The discussion that followed their presentations turned to metrics, a word I can now barely stand to hear. The underlying question is important, though, as Maria Rosario Jackson phrased it: “What would it take to bring attention to this approach to arts and health, to validate it within and across sectors?”
People had a lot to say, clustering around two views.
Some are seeking ways to substantiate art’s role in well-being (or community development or any other area of public intervention) that slide easily into the existing systems of documentation and assessment used by other agencies. The underlying idea is that Health and Human Services (to pick a single example among many) can’t validate art as an integral part of its work unless art can be measured and described with instruments and language already familiar, comfortable, and compatible with HHS’ internal culture and vocabulary, its metrics. The hope is that if this translation can be accomplished, if HHS’ comfort zone can thus be breached and infiltrated, arts-based projects will eventually be accepted and supported.
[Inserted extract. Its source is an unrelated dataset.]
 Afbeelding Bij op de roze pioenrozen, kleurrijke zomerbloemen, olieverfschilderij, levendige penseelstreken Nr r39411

Others doubt this will work (or suspect that blowback will distort the arts work rather than open up the agency), seeking instead to transform the standards of proof, so that stories, testimonies, interactions, and small-scale observations will coexist with what can validly be quantified. If what truly has most value can’t be conveyed by numbers, they argue, the systems of measurement have to adjust.
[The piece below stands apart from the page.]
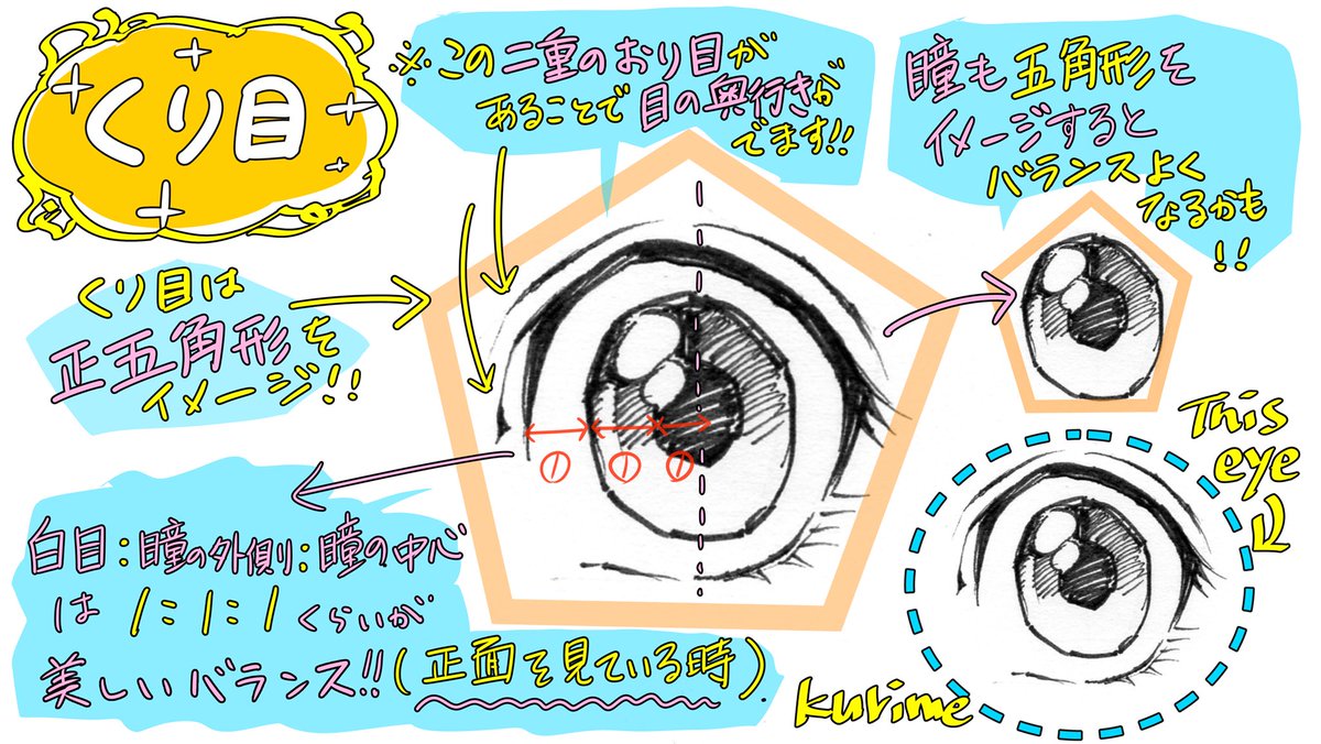 イラスト初心者でもわかる目の描き方講座イラスト くり目 タレ目 つり目 がすごいわかる Togetter

Joi Ito’s luncheon keynote yesterday keeps spinning in my head. The CEO of Creative Commons has been involved in many technology startups as an entrepreneur and venture capitalist, and part of his talk explored how innovation and invention is changing in the digital age.
Particularly interesting were two approaches to innovation: agile development, and pivoting.
Agile development is an evolving practice for rapidly developing software with self-organizing groups, close interaction between developers and end users, and fast and frequent versions of the product. In contrast to the previous standard for software development that required stacks of specifications and isolated developers, agile development encourages responsiveness to the needs of the customer, low costs, and high speed. As a result, failures cost tens of thousands of dollars instead of millions, and developers and investors can try lots and lots of things to see what works.
“And the beat goes on………………”
The Chair of the Endowment’s activism to involve the agency on a number of front s seems to be working.. This morning he recounted successes in getting other federal departments and agencies to include the arts in funding programs and policies including a recent $100 million NOFA (Notice of Funding Availability)from HUD that the arts might apply for part of, and ongoing dialogues and conversations about embedding the arts within programs as far ranging as aging and mental health to transportation, agriculture and commerece. I heard him make the promise of pursuit of making these federal intersections work, and he is delivering on that promise. Impressive.
He also talked about the Our Town program ($5 million earmarked for ‘placemaking’ efforts in 35 communities), and plans to move forward with pursuing joint initiatives with major foundations in the future to complement, extend and leverage private funder efforts and forge symbiotic relationships. Expansion of collaborative and cooperative projects between government and the private funding sector should have begun a long time ago.
National Capitalization Project:
Janet Brown announced and introduced this really bold effort from GIA to address the undercapitalization of arts organizations throughout the field. Some time in the planning stages and involving many funders in the process, the report makes specific recommendations to funders about improving the capitalization of arts organizations. Janet cautioned that release of the report is a beginning of what will likely be a long process that involves changing the way people think and our approaches on a number of fronts long held dear; that the recommendations are not edicts, but suggestions and that it recognizes the diversity of the field.
Joi Ito, founder and CEO of Creative Commons, was the luncheon speaker at Monday’s GIA meeting. His relaxed and likable presence comes across as realness personified. His low-key style gives me a sort of internal headshake. By the time Ito’s presentation ended, I was buzzing with a frequency of intellectual excitement I’d normally associate with verbal pyrotechnics. How did he do it? Brilliance, originality, groundedness…. You had to be there: I wish you had been.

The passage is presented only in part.